Es sencillo observar que los valores que según este docente son promovidos por el proyecto orquestal se corresponden con aquellos identificados en los discursos de los padres de los jóvenes como aquellos que guían sus acciones y decisiones, así como la educación de sus hijos.

Por lo expuesto hasta aquí, pareciera existir una afinidad electiva (Weber, 2007) entre los valores y prácticas promovidas por los proyectos, y los repertorios culturales y morales en los que han sido socializados los jóvenes. Así, la permanencia de los jóvenes en las orquestas estaría dependiendo no solo del gusto por aquello que los programas les ofrecen sino, fundamentalmente, de que ellos y sus familias compartan con la programática social ciertos rasgos culturales y morales que les permitan valorar y priorizar los espacios que ofrecen estos proyectos. Pues, si las familias no priorizaran la actividad de las orquestas, no podrían responder a las exigentes demandas que implican los proyectos para ellas. Asimismo, si los niños y jóvenes que se inician en las orquestas no priorizan el esfuerzo, el sacrificio y el largo plazo, tampoco podrían permanecer en un proyecto que requiere estas competencias de manera permanente. En Argentina, por lo que se ha dicho, no es evidente que una familia en condiciones de vulnerabilidad social priorice una actividad de este tipo para sus hijos —la cual no es asociada a una «salida laboral»—.

Ahora bien, cuando esto ocurre, cuando se alinean algunos de los repertorios culturales y morales entre las familias, los jóvenes participantes y los proyectos, es posible que aparezcan resultados poco frecuentes en barrios populares: jóvenes que se profesionalizan en la música académica, que eligen estudiar en la universidad o en escuelas terciarias21, que adoptan la idea de vocación o carrera profesional como guía para pensar su futuro, que se sienten orgullosos de lo que han logrado, que confían en sus capacidades y creen que podrán trazar trayectorias de ascenso social, que se apasionan con la música académica y sus instrumentos, que encuentran en las orquestas un espacio de socialización fundamental y distinto de los que se ofrecen en sus barrios, que disfrutan de tocar frente a distintos públicos, que se sienten valorados (incluso por personas de otros sectores sociales que habitualmente los estigmatizan), que circulan y conocen distintas zonas de una ciudad cosmopolita a la que la mayor parte de sus vecinos no accede22, y que arman un proyecto biográfico muy diferente al que, según ellos, hubieran armado de no haber mediado estos proyectos.

Ahora bien, ¿podemos avanzar algo más en la comprensión de los modos en que los proyectos orquestales son (o no) apropiados?.

d) Gestores, «destinatarios» y la contingencia de la implementación

Hemos dicho unos párrafos atrás que toda política o intervención se imbrica durante su implementación con una serie de experiencias, trayectorias, saberes prácticos y esquemas de interpretación y significación que traen consigo sus destinatarios. Y que dichas experiencias, saberes prácticos, etcétera. modulan de algún modo aquello que las intervenciones pueden generar entre sus participantes —y, como parecieran sugerir los resultados de esta investigación—, filtran fundamentalmente las posibilidades de permanecer y ser parte de ellas. Asimismo, en el caso de los proyectos analizados, se observa que estos van —de manera progresiva y dependiendo de cada joven— operando sobre dichos esquemas interpretativos, saberes prácticos, etcétera; logrando en algunos casos reformular algunas de sus aristas. Así, las apropiaciones que de la propuesta orquestal realizan los participantes dependen en gran medida de sus trayectorias biográficas y repertorios culturales previos pero también, a partir de su involucramiento con la orquesta, hay posibilidades de que reconstruyan, modifiquen o refuercen parte de dichos repertorios.

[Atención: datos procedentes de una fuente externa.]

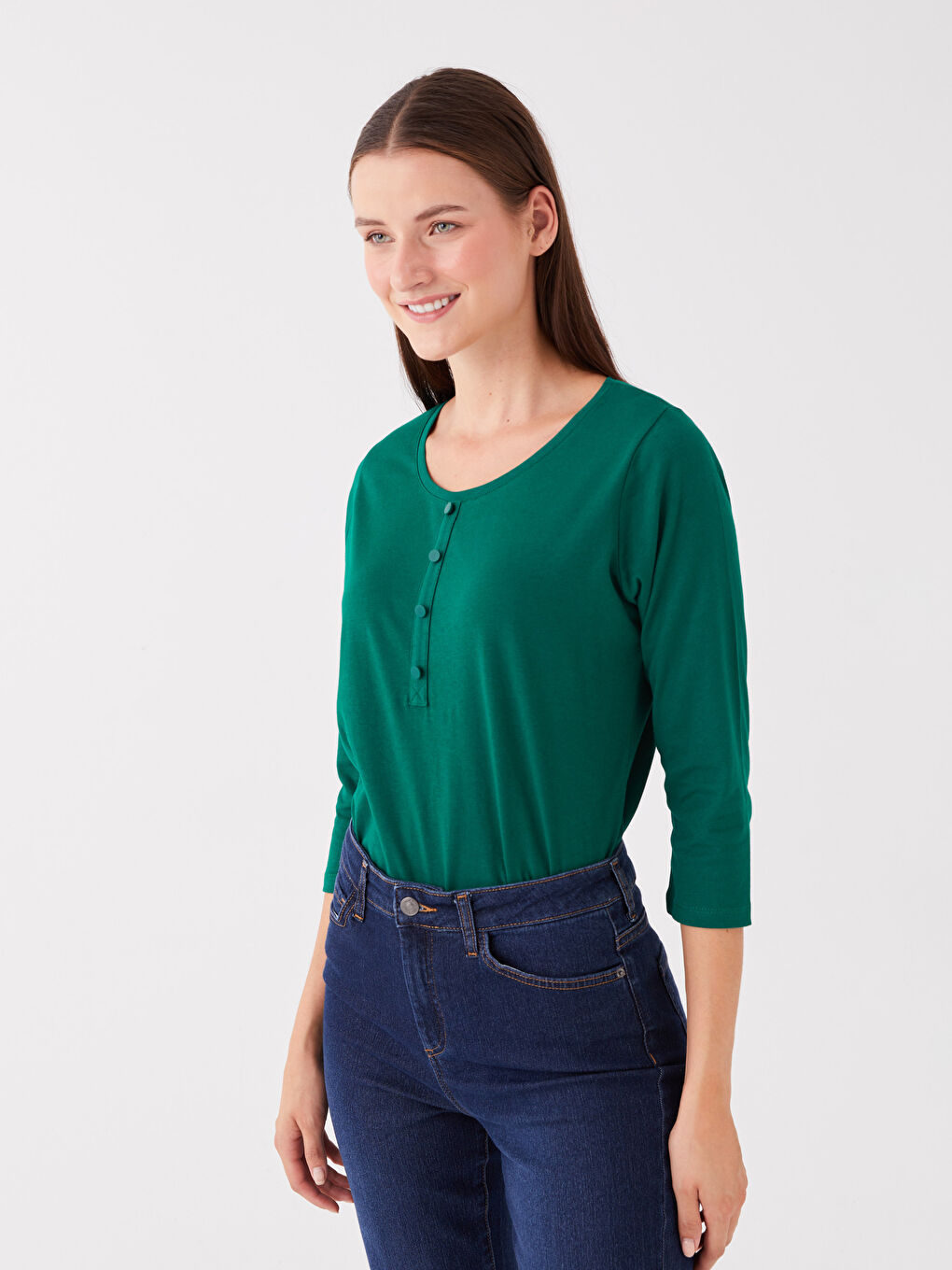 تی شرت ساده زنانه یقه دکمه دار ال سی وایکیکی

En este artículo he reconstruido algunos procesos en donde las orquestas parecieran tener influencia: desde el gusto por la música académica y la intensidad emotiva que para muchos jóvenes implica pararse frente a un auditorio y tocar, hasta los caminos laborales que han iniciado los profesionalizados, pasando por la idea que manifiestan muchos acerca de la música como actividad que los acompañará si no el resto, gran parte de sus vidas. Asimismo, la gran mayoría en ambas orquestas atribuye a su participación en las mismas una apertura de horizontes (acercamiento a nuevos espacios y a formas de pensar y hacer diferentes a las que imperan en sus ámbitos cotidianos de socialización) y, en el caso de la Orquesta B, también asocian a la actividad la idea de vocación o de carrera laboral, aunque no necesariamente en la música.

No obstante —a diferencia de la mayoría de los estudios relevados sobre orquestas juveniles— los resultados de esta investigación sugieren una cierta ingenuidad respecto de la posibilidad de pensar que todo niño/a, adolescente o joven puede acercarse y permanecer en proyectos de estas características —en particular de sectores populares, donde la organización hogareña raras veces puede convivir con las demandas y exigencias que hemos visto requieren estos proyectos—.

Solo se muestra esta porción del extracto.